Mass Mutual Insurance Company Awards BP Hatzolah $10,000 in Honor of BP Volunteer

Mass Mutual Insurance Company Awards BP Hatzolah $10,000 in Honor of BP Volunteer

By Yehudit Garmaise

Boro Park Hatzolah was awarded a $10,000 grant from Massachusetts Mutual Life Insurance: thanks to the application of Hatzolah volunteer Levi Folger, who applied in March.

Folger, who lives in Monsey and works in Boro Park, was among the 30 of 8,000 Mass Mutual employees nationwide who received financial gifts that range from $5,000 to $10,000 that were sent in June directly to the community organizations at which the company’s insurance agents volunteer. 

After considering the community chesed work of thousands of insurance agents who work in 90 agencies across the US, the Mass Mutual board picked Folger, who volunteered for Hatzolah in Toronto for four years before volunteering at the Boro Park Hatzolah for the past 16 years, explained Aaron Klein, Brooklyn Mass Mutual’s general agent, who oversees 70 agents.
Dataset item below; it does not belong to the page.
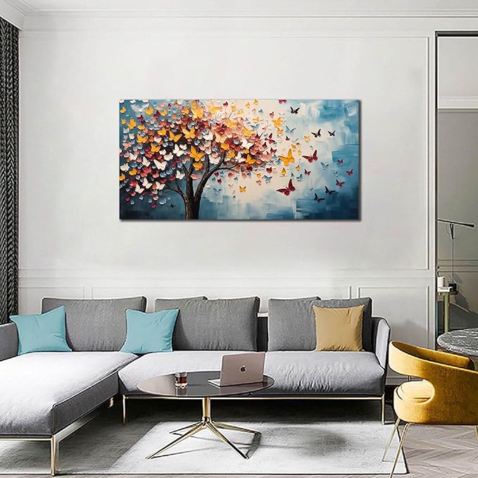 Butterfly Tree Canvas Wall Art for Living Room Bedroom Home Office Blue Colorful Tree of Life Wall Art Modern Large Framed Canvas Prints Size 24x48

Mass Mutual’s home office picked Boro Park Hatzolah to give such a generous sum in the zechus of Folger, who runs out to emergency calls in between his work as a top insurance agent, davening, and giving a daily Daf Yomi shiur: either in person, or on Zoom if he is out-of-town.

“His whole heart is in it,” said Klein, who admired Folger’s commitment to saving lives, while also adhering to a disciplined, busy, and meaningful daily schedule.

Mass Mutual does not give out its annual tzedakah gifts without first doing a lot of research to ensure that each recipient is legitimately involved in substantial community volunteer work, explained Klein.

The Springfield, Mass.-based company that provides life, disability, and long-term care insurance likely “had no idea what Hatzolah is all about,” Klein said. 

“We had to explain how New Yorkers in life-or-death situations have to suffer for long periods of time after calling 911,” said Klein. “You can pass out 20 times over before they get there vs. Hatzolah, which gets there right away.”

Klein, who helped secure the grant “by providing guidance to the board to bring out how Folger shines and how often he runs on these calls, said,  “No matter whether Mr. Folger is in the middle of an appointment or whatever he is doing, if he gets an emergency call and feels he can make it there on time: nothing stops him, rain or shine or Yom Tov, or the middle of a seudah, or not. 

“If he thinks he can make a difference, he takes the call,” said Klein, who explained that insurance agents schedule their own appointments.

If he's in the middle of an appointment at work, very politely and tactfully, Folger apologizes and asks his clients’ permission to leave to go save a life, Klein explained. 

Before he leaves, Folger promises his clients with warmth to soon, “pick up where they left off.”  

One might worry that clients might get annoyed or offended and ask Folger why he is running away in the middle of their appointment, but his clients really admire him for the work he does for Hatzolah, Klein said with pride.

“Folger’s clients see that he feels that a human life is worth more than the money he could make on a sale.”